Tornando al Parco ed alla Villa Reale. Sono simboli importanti della nostra identità, eppure, come sappiamo, versano in uno stato di semi-abbandono da decenni, a differenza di tante altre regge, come quella di Caserta, per non parlare di Versailles e Schönbrunn. Secondo te come è stato possibile?
La colpa principale è da attribuire ai Savoia. La Villa Reale, infatti, contrariamente a quel che si pensa comunemente, non rientra tra le ville sabaude, ma è un monumento asburgico e napoleonico. Dopo il regicidio i Savoia hanno colpevolmente abbandonato la Villa Reale e permesso che venisse lottizzato il Parco.

D’accordo, dei Savoia non si è mai parlato male abbastanza. Ma perché la ricca Lombardia, i ricchi comuni di Milano e Monza non sono ancora riusciti a recuperare e restaurare questi monumenti? Perché non sono mai riusciti per decenni a portarli seriamente all’attenzione del Ministero? Forse perché troppo dediti al “lavurà” come ha scritto recentemente Bassetti?
Perché purtroppo durante tutto il secolo scorso, e tuttora, c’è una grande sottovalutazione dell’importanza di questi monumenti e della loro valenza e potenzialità, non solo culturale ma anche economica. Di questo i monzesi non si sono ancora resi conto perché colonizzati culturalmente da interessi estranei alla città.

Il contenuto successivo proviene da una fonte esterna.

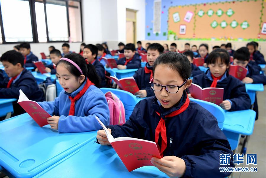 12月3日,合肥市朝霞小學(xué)的學(xué)生們在誦讀憲法。國家憲法日到來之際,各地學(xué)校紛紛舉辦主題宣講活動,對學(xué)生開展法治教育,幫助孩子們了解憲法知識。新華社記者 劉軍喜 攝

Comunque sia, cosa proporresti per il loro recupero?
Tre cose.

L’istituzione di un ente che gestisca in modo unitario il complesso Parco e Villa Reale, avendo come riferimento obiettivi fondamentali di tipo culturale ed ambientale, con adeguate risorse economiche. Ad esempio, il recente recupero di Venaria Reale in Piemonte ha richiesto 280 milioni di Euro e prevede un bilancio annuale di 15 milioni di Euro. Questi sono gli ordini di grandezza.

Una nuova legge regionale, che rilanci e sviluppi gli interventi previsti della Legge Regionale n. 40 del 1995, già allora intitolata “per il recupero ecologico ambientale e la valorizzazione storico monumentale del Parco recintato più grande d’Europa”.

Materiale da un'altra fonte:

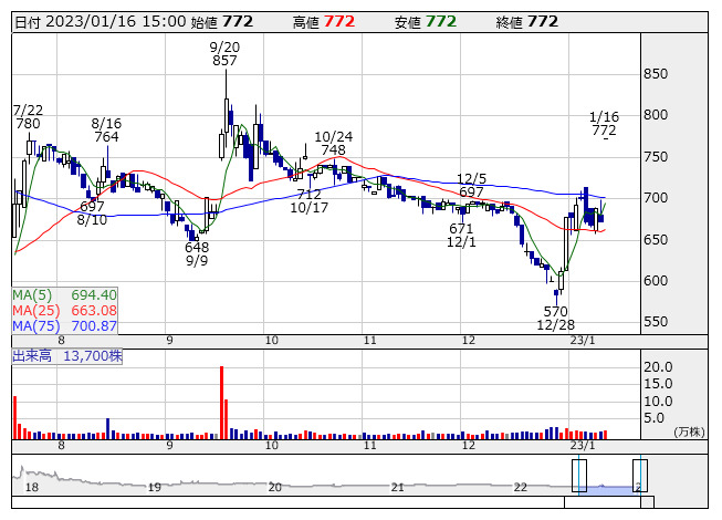 幸和製 <日足> 「株探」多機能チャートより個別では幸和製作所<7807>がストップ高。石光商事<2750>、クリエイト<3024>、買取王国<3181>、コーセーアールイー<3246>、東京日産コンピュータシステム<3316>など14銘柄は昨年来高値を更新。ダントーホールディングス<5337>、ユーピーアール<7065>、エヌジェイホールディングス<9421>、スーパーバリュー<3094>、ケイブ<3760>は値上がり率上位に買われた。

Una azione culturale a vasto raggio che renda consapevoli prima di tutti i monzesi ed i lombardi, ma anche i vertici nazionali, dell’altissimo valore storico, culturale e naturalistico del monumento. A questo scopo ci proponiamo di lanciare un appello che ci auguriamo incontri vasti consensi. Un appello che non è “contro” l’autodromo, ma “per” l’Imperial Regia Villa e Parco di Monza. Sono certo che anche l’autodromo ne trarrebbe un rinnovato prestigio. Chi fosse interessato può scrivere a giacomocorreale at libero.it.

Come sai, è di grande attualità l’occasione rappresentata dall’Expo del 2015 di Milano. La recente visita del Ministro dei Beni Culturali Bondi a Monza e l’accordo strategico da lui firmato con Regione Lombardia ed i comuni di Monza e Milano sembra preludere ad un utilizzo della Villa Reale nell’ambito dell’Expo…
Il tema di Expo 2015 è “Feeding the planet, energy for life”, nutrire il pianeta, energia per la vita, un tema quindi di alto valore umano ed ambientale. Purtroppo c’è il rischio che questo tema riceva una attenzione marginale, e che il protagonista sia per l’ennesima volta il mattone. Invece il progetto che più potrebbe rispondere adeguatamente a questo tema sarebbe proprio quello di offrire ai milioni di visitatori che accorreranno a Milano per l’Expo un Parco ed una Villa Reale riportati ai loro antichi splendori.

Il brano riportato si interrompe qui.